Provided material:
______

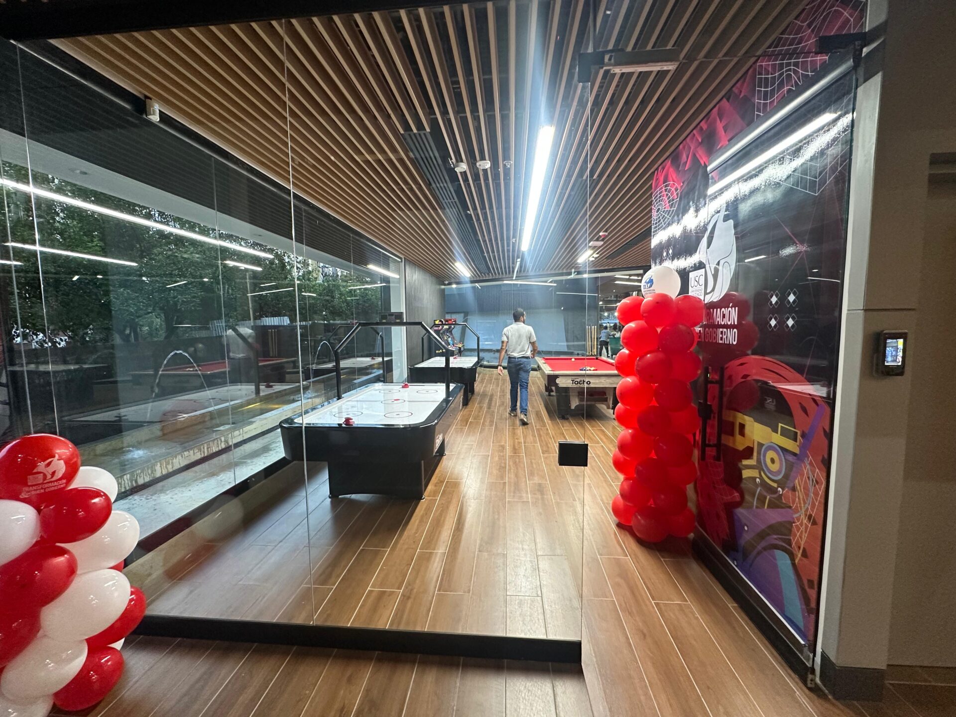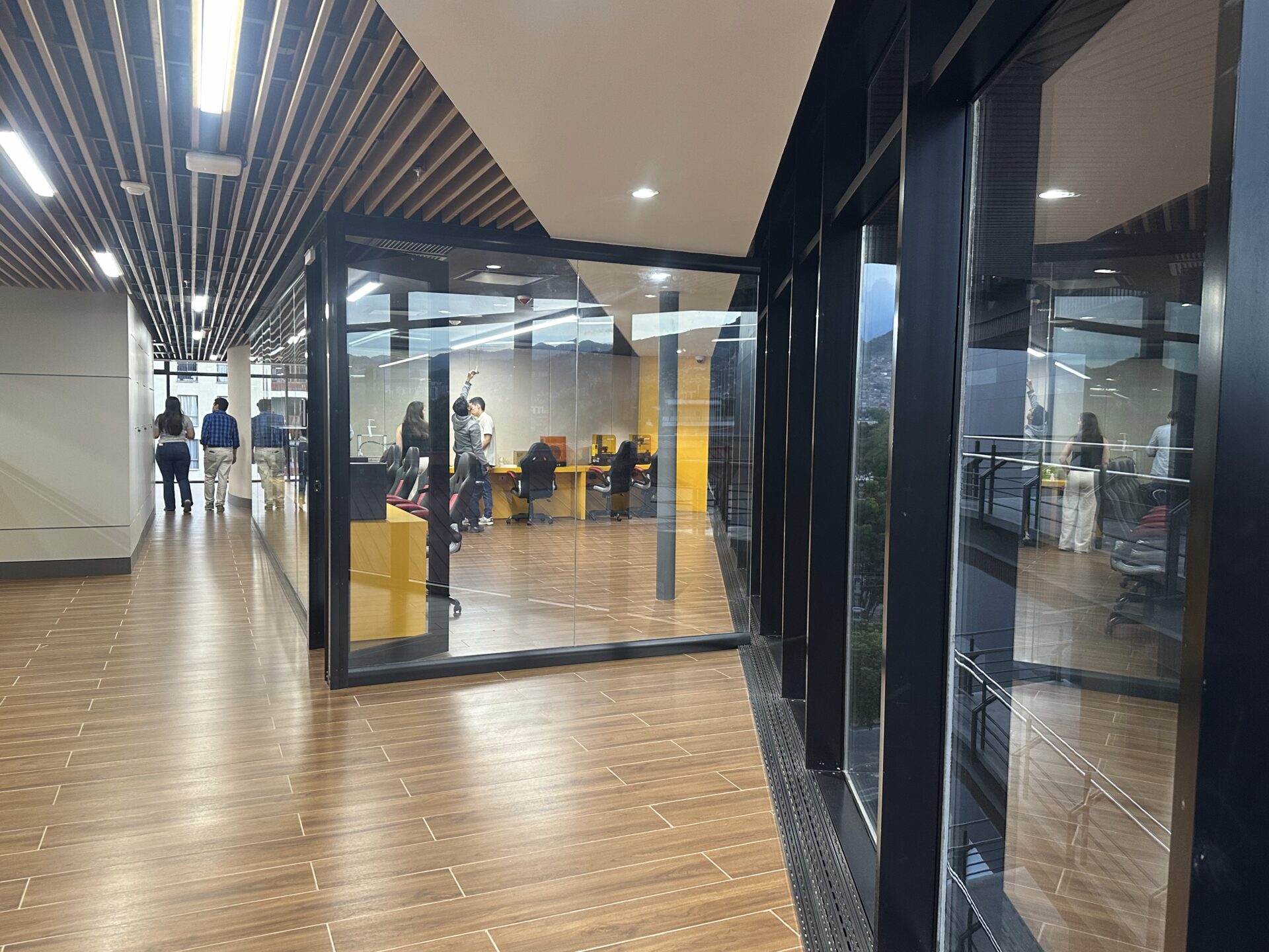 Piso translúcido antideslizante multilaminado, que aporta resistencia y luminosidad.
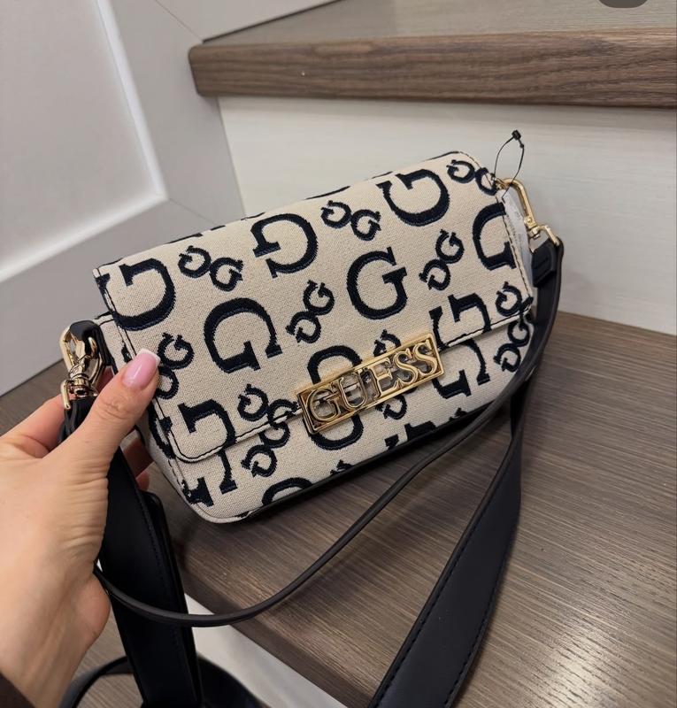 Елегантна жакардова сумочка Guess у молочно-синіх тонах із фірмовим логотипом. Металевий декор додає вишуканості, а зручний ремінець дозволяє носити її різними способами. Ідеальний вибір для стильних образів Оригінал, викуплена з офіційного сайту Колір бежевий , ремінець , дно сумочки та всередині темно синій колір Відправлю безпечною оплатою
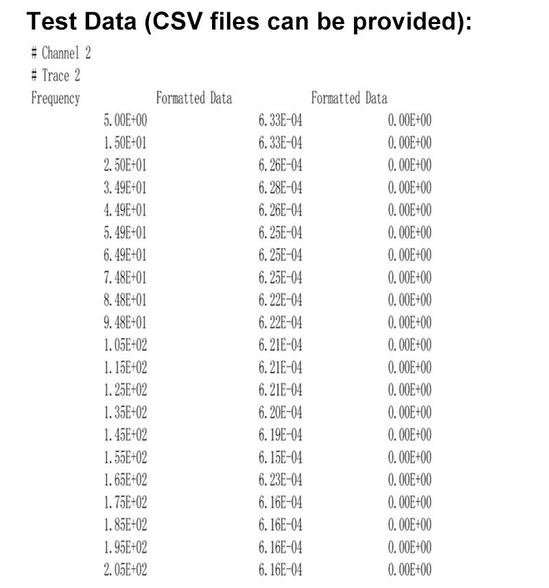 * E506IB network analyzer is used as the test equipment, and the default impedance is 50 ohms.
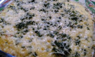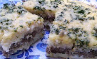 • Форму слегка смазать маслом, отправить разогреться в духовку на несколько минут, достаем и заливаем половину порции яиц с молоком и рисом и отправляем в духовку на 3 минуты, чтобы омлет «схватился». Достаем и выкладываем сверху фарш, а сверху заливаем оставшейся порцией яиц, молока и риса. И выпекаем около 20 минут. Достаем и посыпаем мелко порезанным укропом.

______

Task objective: Word for word, reproduce the material above and omit each image.

Task answer:
 Piso translúcido antideslizante multilaminado, que aporta resistencia y luminosidad.
 Елегантна жакардова сумочка Guess у молочно-синіх тонах із фірмовим логотипом. Металевий декор додає вишуканості, а зручний ремінець дозволяє носити її різними способами. Ідеальний вибір для стильних образів Оригінал, викуплена з офіційного сайту Колір бежевий , ремінець , дно сумочки та всередині темно синій колір Відправлю безпечною оплатою
 * E506IB network analyzer is used as the test equipment, and the default impedance is 50 ohms.
 • Форму слегка смазать маслом, отправить разогреться в духовку на несколько минут, достаем и заливаем половину порции яиц с молоком и рисом и отправляем в духовку на 3 минуты, чтобы омлет «схватился». Достаем и выкладываем сверху фарш, а сверху заливаем оставшейся порцией яиц, молока и риса. И выпекаем около 20 минут. Достаем и посыпаем мелко порезанным укропом.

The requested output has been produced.